### Information provided:
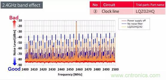 當(dāng)LQZ02HQ濾波器插入時(shí)鐘線時(shí),我們有波形和噪聲頻譜。由于LQZ02HQ濾波器具有很少的低頻衰減特性,因此它只能消除2.4 GHz頻段中存在問題的頻譜,同時(shí)保持信號質(zhì)量。因此,它是抑制諸如時(shí)鐘的信號線中的噪聲的有效方式。
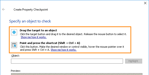 The most frequently used selection modes are “Drag the target…” and “Point and press a shortcut”. To understand how they work, click the Show me how it works links in the wizard or see the following topics:
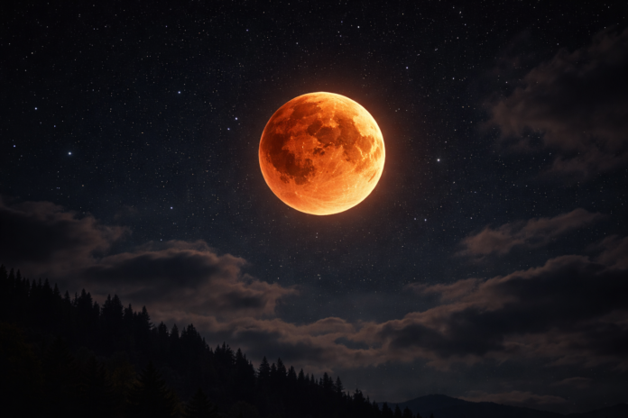 Astăzi are loc o eclipsă totală de Lună, cunoscută popular ca „Luna Sângerie”, un fenomen în care satelitul Pământului capătă o nuanță roșiatică în timpul trecerii prin umbra planetei. Această eclipsă totală este vizibilă în mare parte a Asiei de Est, Australiei și Pacificului, iar în unele regiuni poate fi urmărită după apusul soarelui.
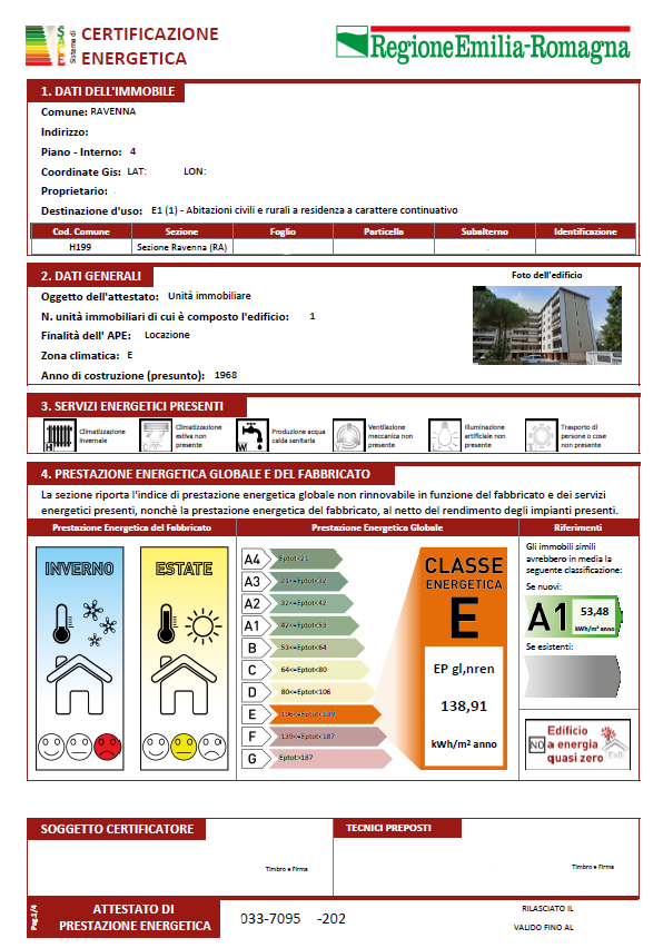 ✅ Attestato di Prestazione Energetica (APE) valido per legge
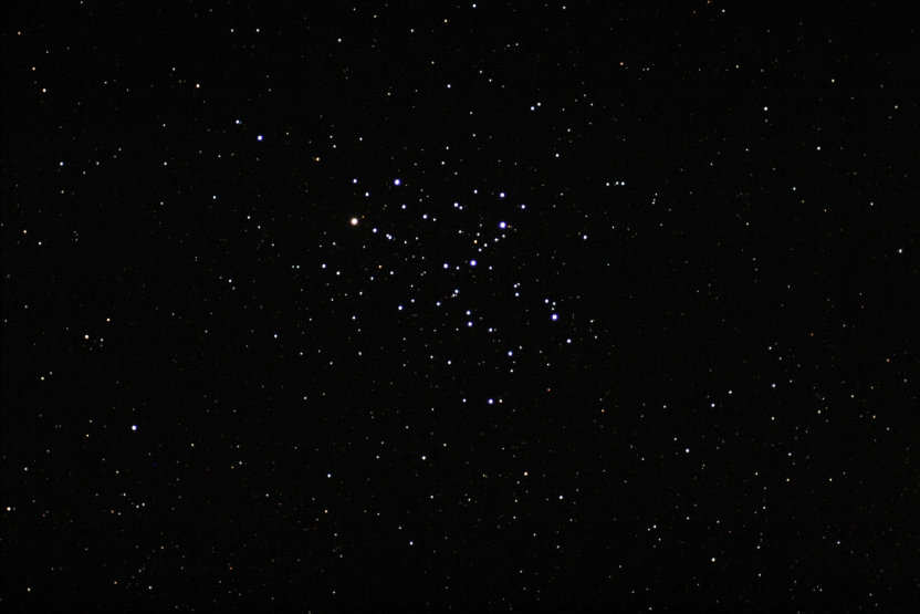 M6 The Butterfly Cluster in Scorpius. This open cluster is 1,585 light years from earth. It is visible to the unaided eye as a fuzzy spot at the end of the tail of Scorpius. With some (or alot) imagination, one can picture a butterfly (maybe) Hint: look for the "V" antennae in the middle of the photo.... In any case, its a fine summer evening sight in binoculars..... Brandon 130 f/8 APO, guided, with Canon 10D, June 2004 Rocky Mountain Star Stare, Lake George, CO.

### Aim of the exercise:
Omit the pictures and set down the records exactly.

### Answer for this exercise:
 當(dāng)LQZ02HQ濾波器插入時(shí)鐘線時(shí),我們有波形和噪聲頻譜。由于LQZ02HQ濾波器具有很少的低頻衰減特性,因此它只能消除2.4 GHz頻段中存在問題的頻譜,同時(shí)保持信號質(zhì)量。因此,它是抑制諸如時(shí)鐘的信號線中的噪聲的有效方式。
 The most frequently used selection modes are “Drag the target…” and “Point and press a shortcut”. To understand how they work, click the Show me how it works links in the wizard or see the following topics:
 Astăzi are loc o eclipsă totală de Lună, cunoscută popular ca „Luna Sângerie”, un fenomen în care satelitul Pământului capătă o nuanță roșiatică în timpul trecerii prin umbra planetei. Această eclipsă totală este vizibilă în mare parte a Asiei de Est, Australiei și Pacificului, iar în unele regiuni poate fi urmărită după apusul soarelui.
 ✅ Attestato di Prestazione Energetica (APE) valido per legge
 M6 The Butterfly Cluster in Scorpius. This open cluster is 1,585 light years from earth. It is visible to the unaided eye as a fuzzy spot at the end of the tail of Scorpius. With some (or alot) imagination, one can picture a butterfly (maybe) Hint: look for the "V" antennae in the middle of the photo.... In any case, its a fine summer evening sight in binoculars..... Brandon 130 f/8 APO, guided, with Canon 10D, June 2004 Rocky Mountain Star Stare, Lake George, CO.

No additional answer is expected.